Nova aparência do Virginia

Há dois problemas com periscópios ópticos convencionais. Primeiro, um poço de periscópio atravessa toda a altura da embarcação para abrigar o periscópio e seu tamanho restringe os arranjos da torre e dos compartimentos internos. O segundo problema é que os periscópios somente podem ser usados por uma pessoa de cada vez. A Marinha desenvolveu um novo mastro fotônico AN/BVS-1 para resolver esses dois problemas. O submarino de ataque da classe Virginia, lançado em 2004, foi o primeiro submarino equipado com mastros fotônicos.


Foto cedida pela Marinha dos EUA
Imagem gerada por computador do submarino de ataque da nova classe Virginia

Os mastros fotônicos fornecem as funções de imagens, navegação, guerra eletrônica e comunicação de um periscópio óptico convencional, conforme os documentos da Marinha dos EUA. Cada submarino da classe Virginia terá dois mastros fotônicos, que não atravessarão (não serão retraídos) o casco da embarcação. O mastro será estendido como uma antena de carro, em um movimento telescópico.
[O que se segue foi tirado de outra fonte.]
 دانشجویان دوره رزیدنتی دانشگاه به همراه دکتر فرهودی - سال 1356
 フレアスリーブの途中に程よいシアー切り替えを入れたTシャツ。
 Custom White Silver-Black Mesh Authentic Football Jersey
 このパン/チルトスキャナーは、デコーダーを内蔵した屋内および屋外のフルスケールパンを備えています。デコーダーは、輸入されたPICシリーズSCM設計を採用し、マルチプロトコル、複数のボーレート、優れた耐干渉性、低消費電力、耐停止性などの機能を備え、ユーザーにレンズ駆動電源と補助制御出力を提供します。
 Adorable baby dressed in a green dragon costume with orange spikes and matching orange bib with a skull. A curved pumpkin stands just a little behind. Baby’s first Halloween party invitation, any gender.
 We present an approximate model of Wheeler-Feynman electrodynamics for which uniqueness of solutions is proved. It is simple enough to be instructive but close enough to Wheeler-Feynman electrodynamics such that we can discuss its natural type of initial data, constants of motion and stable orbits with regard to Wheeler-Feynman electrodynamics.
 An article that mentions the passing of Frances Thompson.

O equipamento de imagens eletrônicas substituirá os prismas e lentes dos antigos periscópios ópticos. O núcleo do sistema é uma unidade de sensores que se projetará acima d’água. Esse sensor eletro-óptico múltiplo estará localizado em uma cabeça rotativa. Os mastros serão equipados com três câmeras, incluindo uma câmera a cores, uma câmera de alta resolução em branco e preto e uma câmera infravermelho, para fornecer imagens para o submarino. Também haverá uma câmera de controle vital em missões em um casulo separado, à prova de pressão e resistente a choques e um visor de distância para visão segura que fornecerá distâncias precisas de alvos e ajudará na navegação.


Foto cedida pelo Comando de Sistemas Navais da Marinha
Componentes do mastro fotônico AN/BVS-1

O poço de periscópio que abriga esses mastros estará contido somente na torre da embarcação. O tamanho menor do poço do periscópio permitirá mais liberdade da localização da sala de controle da embarcação. Com periscópios convencionais, a sala de controle terá de ser colocada no confinado convés superior. Em um novo submarino da classe Virginia, a sala de controle ficará localizada no segundo convés mais espaçoso e terá um layout mais desimpedido.
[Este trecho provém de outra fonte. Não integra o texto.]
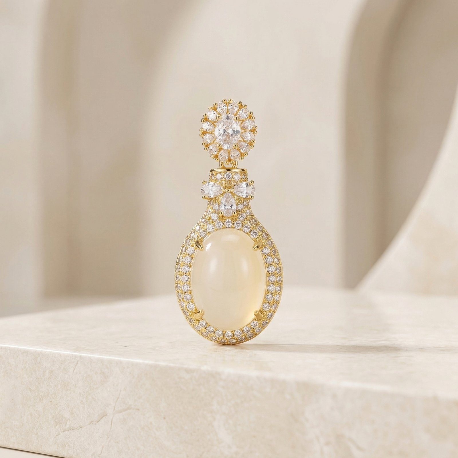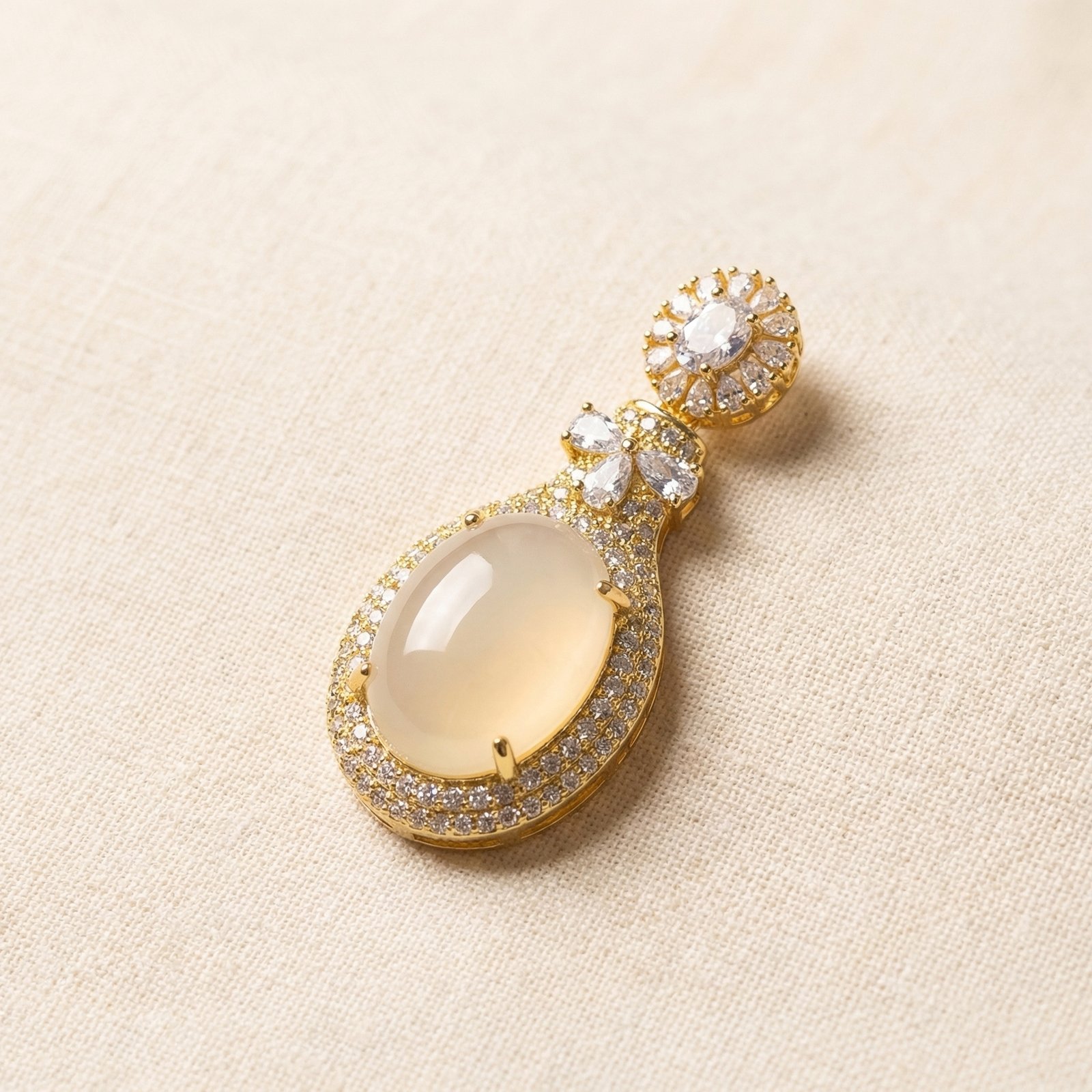 Ivory Grace Jade Pendant is an elegant oval pendant designed with a soft ivory-toned centerpiece and a refined halo-style setting. Surrounded by delicate sparkling accents and finished in a warm gold-tone frame, this piece offers a graceful look suitable for gifting, occasion wear, and elevated everyday styling.

O mastro fotônico permitirá que a sala de controle fique localizada no segundo convés, mais protegido

As imagens dos mastros fotônicos são enviadas por meio de fibra óptica para duas estações de trabalho e para um console do comandante. Os dois mastros fotônicos serão controlados por um joystick em cada uma dessas estações. Cada estação conterá dois visores de tela plana, um teclado convencional e uma interface de trackball. As imagens serão gravadas em vídeo-cassete e em CD-ROM.

Os mastros fotônicos são a última ferramenta adicionada no arsenal de guerra eletrônica dos Estados Unidos. Essa nova tecnologia tornará os submarinos da classe Virginia os submarinos mais avançados e automatizados da frota naval.